To the AI tech bros, hype promoters and CEOs

Lets be honest, LLMs and AI are not real Artificial General Intelligence (AGI), it's just a machine trained on varying data. It can be up to 70% innaccurate at times. It's a tool that can augment real developers and speed them up. But someone should still be checking, verifying and testing the work done by it. Patch by patch, commit by commit. Not letting it write whole projects by itself from a prompt (vibe coding), because that will be insecure, a whole lot of tech debt which no-one understands and probably miss important edge cases. You can't just let your development team go. Engineering still needs to happen.

But the marketing hype has given CEOs, CTOs, CFOs, managers etc a false sense of security that they can get rid of developers and replace them with a non-deterministic, sometimes inaccurate, next word predictor. Instead of keeping roles and using the "AI" tools to augment and grow their businesses to new heights, the accountants took over and decided cost savings were more important.

None of this is any excuse to lay off software developers. Zero excuse. In fact, you need developers more than ever now to fix all the tech debt, impending disaster and security issues vibe coders, like Galen, have likely unleashed on the world. We either have an intervention and try fix it now, or we end up in an Idiocracy movie type timeline where nobody knows how anything works anymore. Only in this case, the only solution will be to hire (forcefully retired) developers back and revert the code to 2022 (or thereabouts) before AI mass contributions. And that rehiring will be at a premium.

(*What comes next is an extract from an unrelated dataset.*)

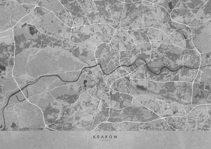 Bilde på lerret Map of Krakow Poland in gray vintage style

To developers caught up in the mass AI hype and layoffs

It's time for revenge. Rally together and write individual, much better quality competing products against the companies that laid you off. If you get asked to come back to a company to fix their slop, increase your hourly rate. They will pay for their hubris.

To users of software products and services

Check the news for big companies that have done recent mass AI layoffs of developers. Avoid these companies like the plague as their reputation and products will soon suffer disasters, including to your data privacy.

To those vibe coders (sloppers) and AI tech bros, AI hype promoters and CEOs that insist on destroying civilisation as we know it

One day your shenanigans will be discovered and you will probably be rounded up by the survivers of the AI nuclear holocaust or robot wars and sent to some place called Hadante for punishment. There you will drink all the slop you can handle for the rest of your life.